Influenza remains the single most important cause of excess disability and mortality during the winter months. In spite of widespread influenza vaccination programs leading to demonstrated cost-savings in the over 65 population, hospitalization and death rates for acute respiratory illnesses continue to rise. As a person ages, increased serum levels of inflammatory cytokines are commonly recorded (TNF-α, IL-1, IL-6). Termed "inflammaging", this has been linked to persistent cytomegalovirus (CMV) infection and immune senescence, while increased anti-inflammatory cytokines (IL-10, TGF-β) are possibly associated with more healthy aging. Paradoxically, a shift with aging toward an anti-inflammatory (IL-10) response and decline in the IFN-γ:IL-10 ratio in influenza-challenged peripheral blood mononuclear cells is associated with a decline in the cytolytic capacity of CD8+ T cells responsible for clearing influenza virus from infected lung tissue. Thus, it is seemingly counter intuitive that the immune phenotype of healthy aging predicts a poor cell-mediated immune response and more serious outcomes of influenza. Herein we postulate a mechanistic link between the accumulation of late-stage, potentially terminally differentiated T cells, many or most of which result from CMV infection, and the immunopathogenesis of influenza infection, mediated by granzyme B in older adults.

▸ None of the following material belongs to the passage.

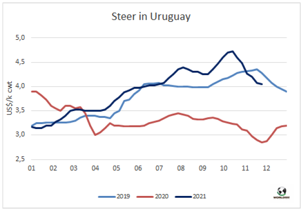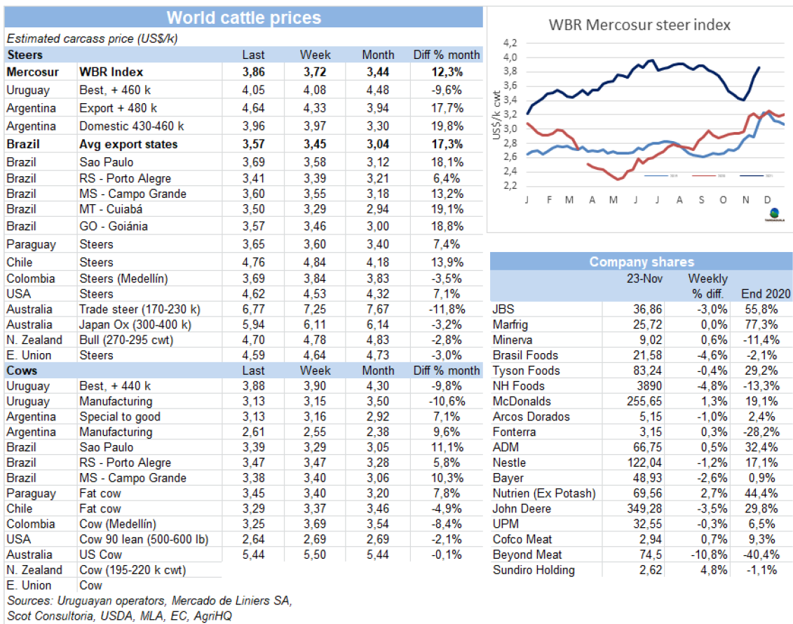 本周南方共同市場閹牛價(jià)格指數(shù)再次強(qiáng)勁上漲,達(dá)3.86美元/公斤,較上周上漲了14美分,達(dá)九月初以來最高水平。本周的上漲主要受到巴西和阿根廷牛價(jià)上漲的支撐,阿根廷育肥閹牛價(jià)格上漲至南美地區(qū)最高水平,本周參考價(jià)4.64美元/公斤,較上周上漲了31美分,較十月中旬累計(jì)上漲了87美元/公斤。巴西牛價(jià)繼續(xù)強(qiáng)勁恢復(fù),但仍未南美地區(qū)牛價(jià)最低的國家,盡管巴西雷亞爾貶值2.1%。巴拉圭牛價(jià)繼續(xù)上漲,本周上漲了5美分至3.65美元/公斤。烏拉圭方面情況相反,盡管牛價(jià)急劇下行的趨勢已經(jīng)結(jié)束,但特種閹牛價(jià)格在4.05美元/公斤上下波動(dòng)。

Further, adjuvanted influenza vaccines that stimulate inflammatory cytokines and suppress the IL-10 response to influenza challenge, would be expected to enhance protection in the 65+ population.

Figure 1

With permission reproduced from Franceschi C et al. [33]. Health aging: the Balance.

Figure 2

The GrzB assay is based on the enzyme’s unique substrate specificity to cleave the four amino acid sequence (IEPD) at the aspartate (D) residue releasing the paranitroanalide, which undergoes a colorimetric change detected on a plate reader. In this case, “bGrzB” is measured in lysates of unstimulated CD3+ T cells purified by magnetic bead selection. bGrzB activity is significantly higher in CMV+ vs. CMV− older adults (p=0.029) and corresponds to the high proportion of GrzB+ CD8+ T cells found in unstimulated PBMC shown in Figure 3.

Figure 3

With permission, modified from McElhaney et al. [44]. Intracellular GrzB and the degranulation marker CD107a are shown for effector CD45RA+CD8+ T cells. Healthy young (HY) adults show low levels of GrzB+ cells (−virus) and degranulate (CD107a+) only in response to influenza stimulation (+virus). Healthy older adults (HO) vs. HY show a significantly increased proportion of GrzB+ cells (−virus) and higher proportions degranulate in response to influenza (+virus). Older adults with CHF (CHF) show a further increase in the proportion of GrzB+ cells, degranulate (CD107a+) in the resting state (in the absence of virus) and show no response to virus stimulation.

Figure 4

Granzyme B (GrzB) is released by CTL and NK cells to induce apoptosis of virus-infected cells and requires perforin for internalization into cells. Once inside the cell, GrzB induces apoptosis and this is referred to as the classical GrzB/apoptosis pathway. In the absence of perforin, GrzB is released into extracellular space (bGrzB is the biomarker) stimulating GrzB in other cells and causing cleavage of IL-1α and the extracellular matrix causing inflammation and loss of tissue integrity.

Figure 5

Summary of flow cytometry results from [46]. The response to influenza vaccination is shown as the change in memory T cell frequency and the generation of Effector T cells in response to ex vivo influenza challenge (*). Cytotoxicity of Effectors declines with age and with time after vaccination (lighter colour = less cytotoxicity). The Memory CD8+ T cell frequency is similar at 4 weeks post-vaccination but declines by 10 weeks post-vaccination in older compared to young adults. Thus, CD8+ T cell immunity through vaccination is lost by the time of the influenza season in older adults.